# Red Pen



## Valleyboy (Jul 2, 2020)

Red kitless pen with a red bock nib.

Cheers
Ash


----------



## TonyL (Jul 2, 2020)

Now that one is going to get a speeding ticket. Sharp!


----------



## magpens (Jul 2, 2020)

WOW !!

Beautiful !!

What material, please ?


----------



## Valleyboy (Jul 2, 2020)

magpens said:


> WOW !!
> 
> Beautiful !!
> 
> What material, please ?


Thanks!
Material is Semplicita SHDC Cadmium Dark Red from Beaufort Ink.
Cheers
Ash


----------



## Jim15 (Jul 2, 2020)

WOW! Is right. Beautiful.


----------



## Ironwood (Jul 2, 2020)

A very striking pen with nice lines.
Well done.


----------



## Bryguy (Jul 3, 2020)

That's a beauty!


----------



## Bob in SF (Jul 3, 2020)

Great!


----------



## jttheclockman (Jul 3, 2020)

Did you cast that blank or did you buy it??  If so where did you get from?  I am looking for a deep red like that. Thanks.


----------



## Jehster1 (Jul 3, 2020)

jttheclockman said:


> Did you cast that blank or did you buy it??  If so where did you get from?  I am looking for a deep red like that. Thanks.

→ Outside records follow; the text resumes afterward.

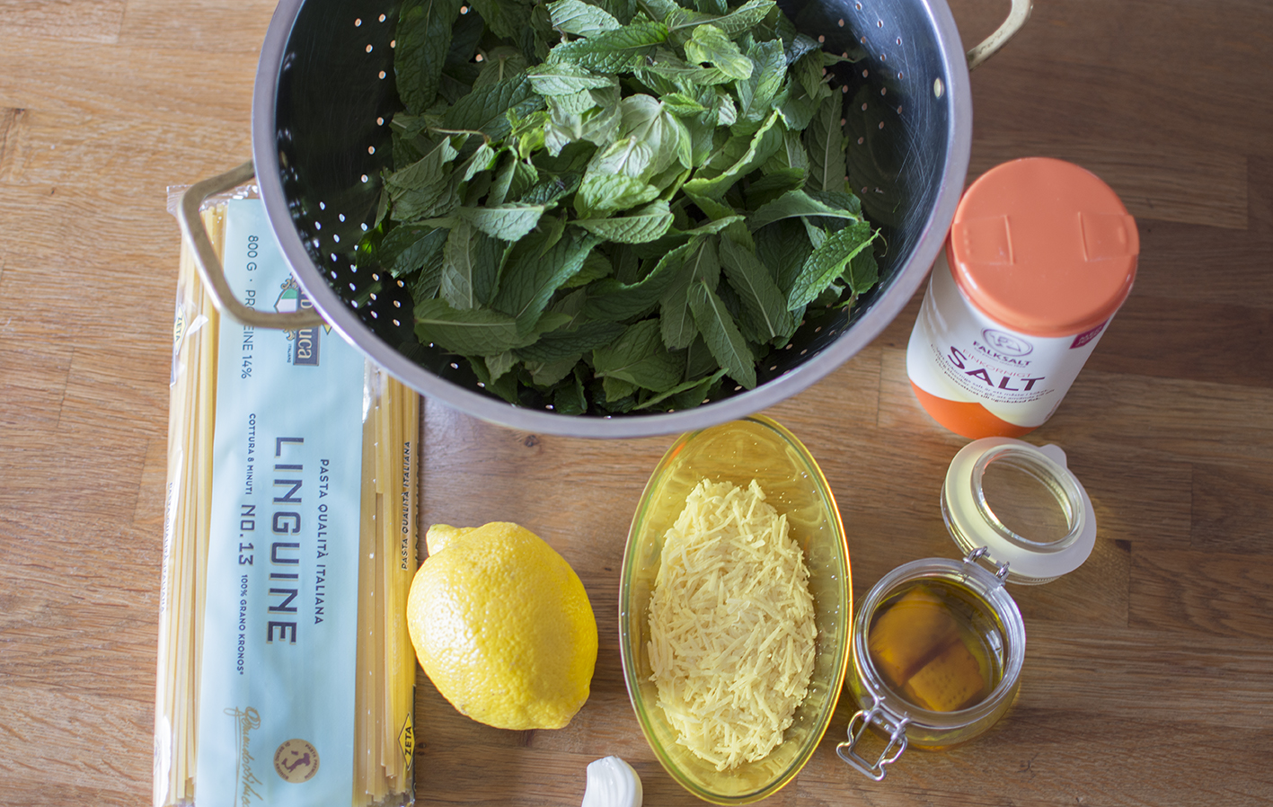 Dagens rätt är en enkel och smakrik pasta. Den är också är ganska klimatsmart, eftersom jag fick användning av både en parmesanolja (parmesanskalkar som legat i olivolja och gottat till sig) och *mynta som växer i någon slags okontrollerad djungel i en pallkrage på baksidan.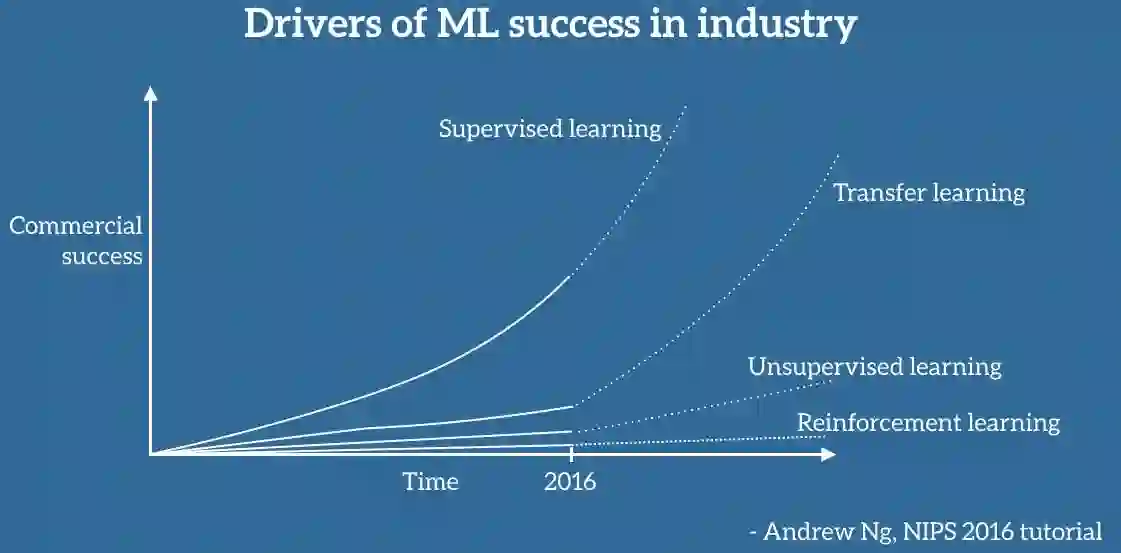 不容置疑,机器学习在产业界的应用和成功主要是受监督学习的驱动。受到深度学习中的进步、更强大的计算资源以及大量的标签数据集的推动,监督学习是人们对人工智能的兴趣复苏浪潮、多轮融资以及收购的主要原因,尤其是我们近年来看到的机器学习的应用,它们已经成为了我们生活的一部分。如果我们忽视关于另一个人工智能寒冬的怀疑和传言,并且相信吴恩达的预见,这种成功很可能会持续下去。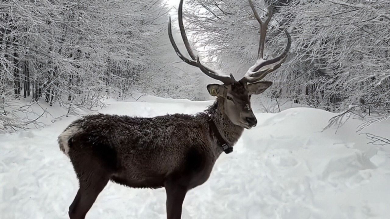 Kocaeli Büyükşehir Belediyesi’nin “Samanlı Dağları Kızıl Geyik Yerleştirme Projesi” kapsamında Ormanya’da yetiştirilen ve Kuzuyayla’da salınan kızıl geyikler, kar yağışıyla birlikte yeniden görülmeye başladı.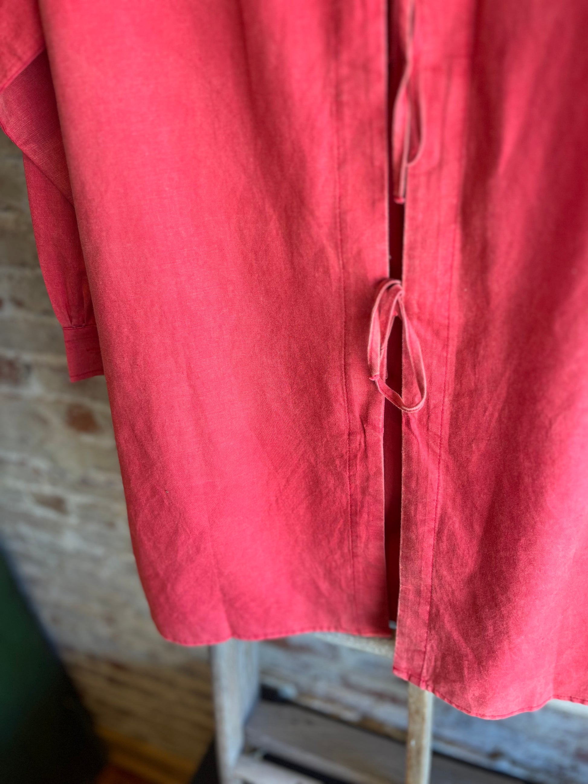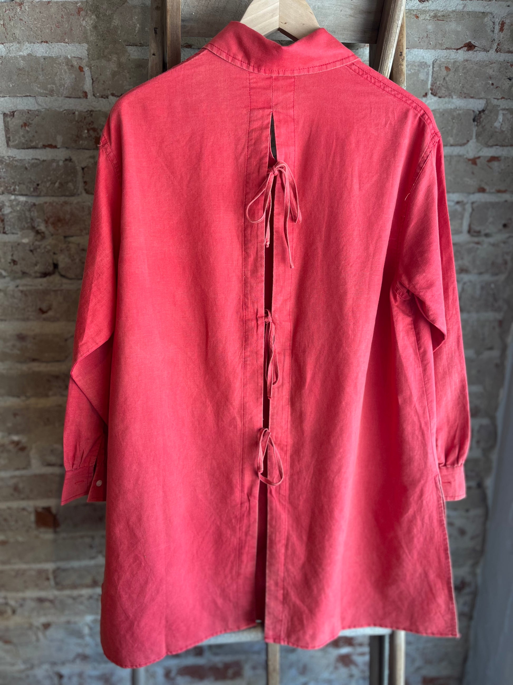 This amazing red button up has a classic look in the front with a tunic length and side splits, but the back takes it to the next level with the triple tie back. It is a mineral washed fabric which we love. Super fun & unique. Perfect with jeans, leggings or even shorts on warmer days.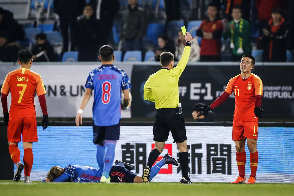 东亚杯-中国男足1-2不敌日本迎开门黑,董学升头球破门,姜至鹏飞踹日本球员染黄。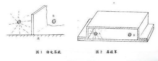 屏蔽方法:將一塊金屬板置于兩個(gè)被屏蔽的電路中間,并使各金屬板與地作電氣連接,如圖1所示。這樣從一點(diǎn)發(fā)出的電力線均被屏蔽板擋住,即起到靜電屏蔽作用。
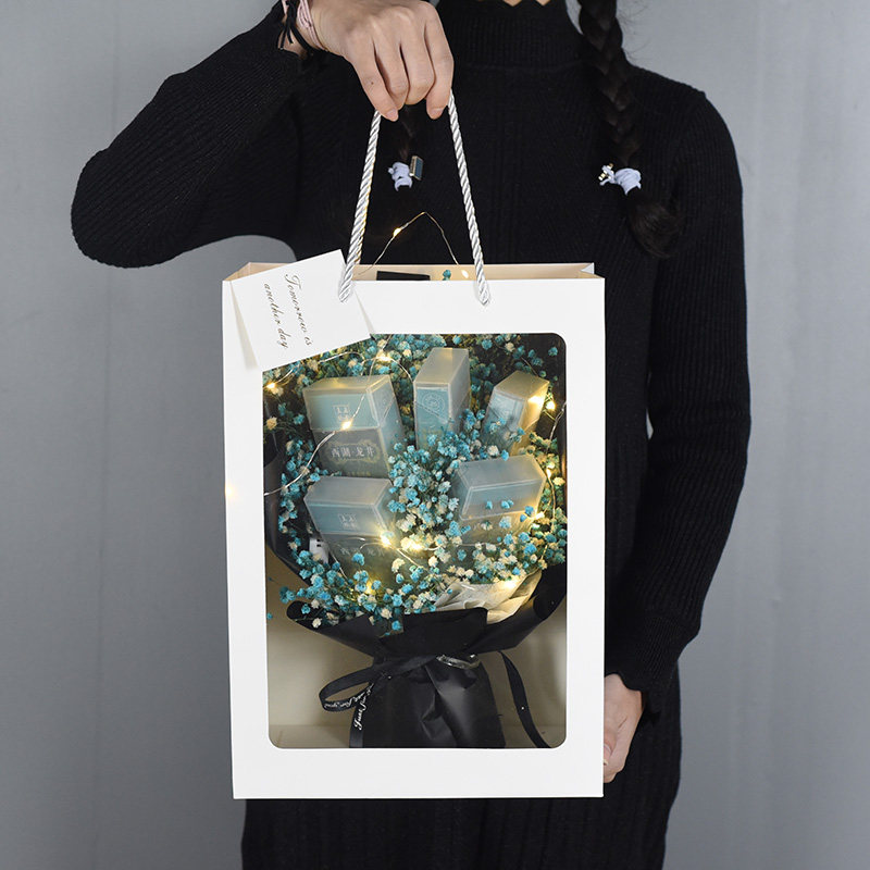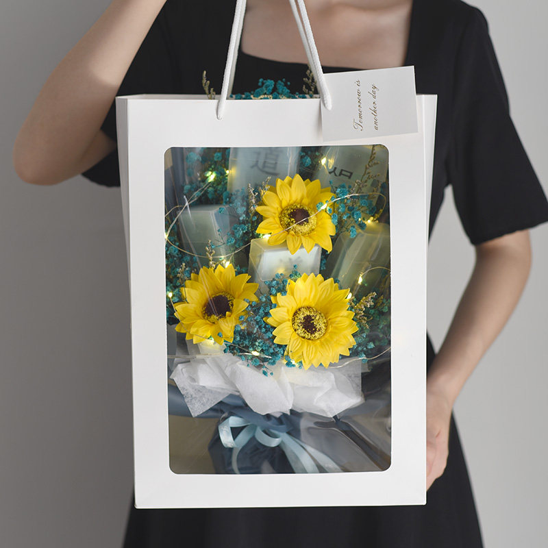 Bookmark and buy free light strings. Blue baby's breath, 5 boxes, finished product, 3 yellow sunflowers, blue baby's breath milk tea color packaging, 3 white roses, crystal grass, 3 blue roses, blue baby's breath calm black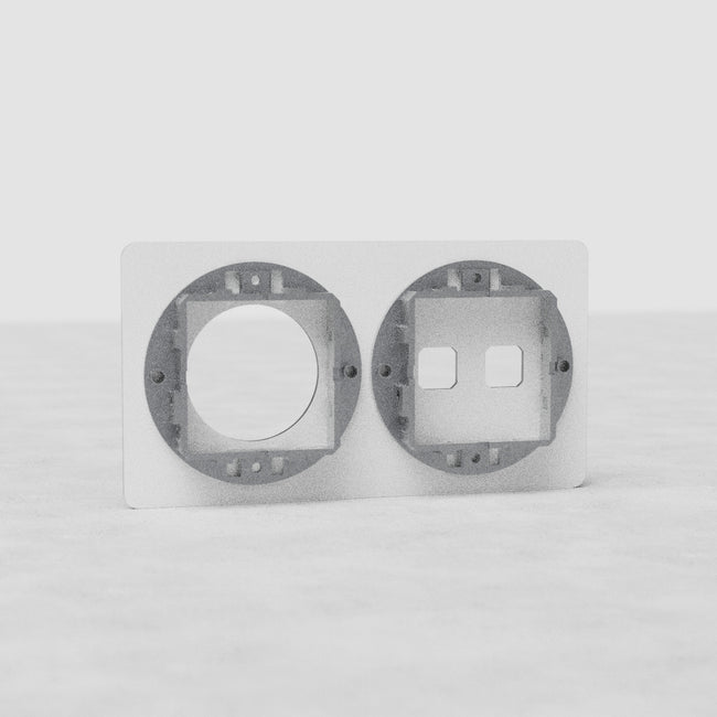 This Kew clear double 2x switch and 1x socket plate works with any two of our toggle switches and any one of our round socket modules (just make sure you choose the ones made with white plastic).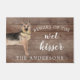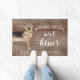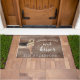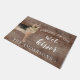 Funny beware of the wet kisser" German Shepherd Dog door mat set on a rustic faux background. Visit our shop to view a large assortment of dog breads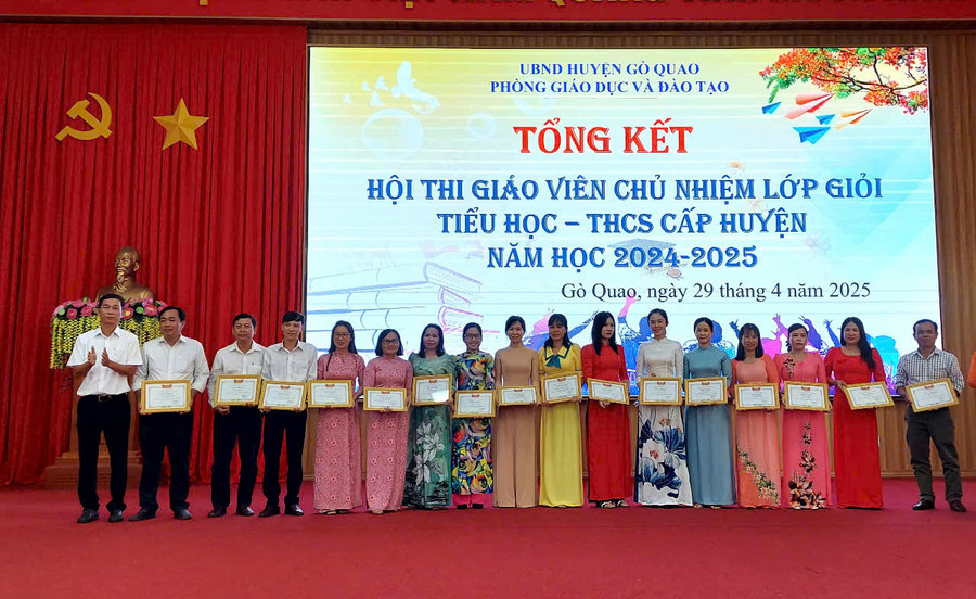Kết quả, đối với Tiểu học có 203 giáo viên đạt danh hiệu giáo viên chủ nhiệm lớp giỏi tiểu học cấp huyện năm học 2024-2025, trong đó, có 75 giáo viên đạt thành tích xuất sắc trong Hội thi được tặng giấy khen của Trưởng phòng giáo dục và đào tạo huyện. Đối với THCS có 40 giáo viên đạt danh hiệu giáo viên chủ nhiệm lớp giỏi THCS cấp huyện năm học 2024-2025, trong đó, có 16 giáo viên đạt thành tích xuất sắc trong Hội thi được tặng giấy khen của Trưởng phòng giáo dục và đào tạo huyện./.

He mentioned he got it from here:





						Semplicita SHDC Cadmium Dark Red acrylic pen blank - 150mm
					

Semplicita SHDC pen blanks,Semplicita SHDC Cadmium Dark Red acrylic pen blank - 150mm




					www.beaufortink.co.uk
				




It looks great!


----------



## jttheclockman (Jul 3, 2020)

Jehster1 said:


> He mentioned he got it from here:
> 
> 
> 
> ...


Thanks i can not open that link.


----------



## Valleyboy (Jul 3, 2020)

jttheclockman said:


> Thanks i can not open that link.



Google “Beaufort Ink” and within the website under pen blanks it’s the “Semplicita SHDC” option. There’s only one red there.


----------



## jttheclockman (Jul 3, 2020)

Valleyboy said:


> Google “Beaufort Ink” and within the website under pen blanks it’s the “Semplicita SHDC” option. There’s only one red there.


thanks


----------



## mark james (Jul 3, 2020)

That is VERY Red!     .  I do love the color and the finished pen is great.  Well done.


----------



## mick (Jul 8, 2020)

WoW!!!

Sent from my SM-G955U using Tapatalk


----------



## BryanMurphy (Jul 9, 2020)

The nib color matching the body is a great touch!  Fantastic job!


----------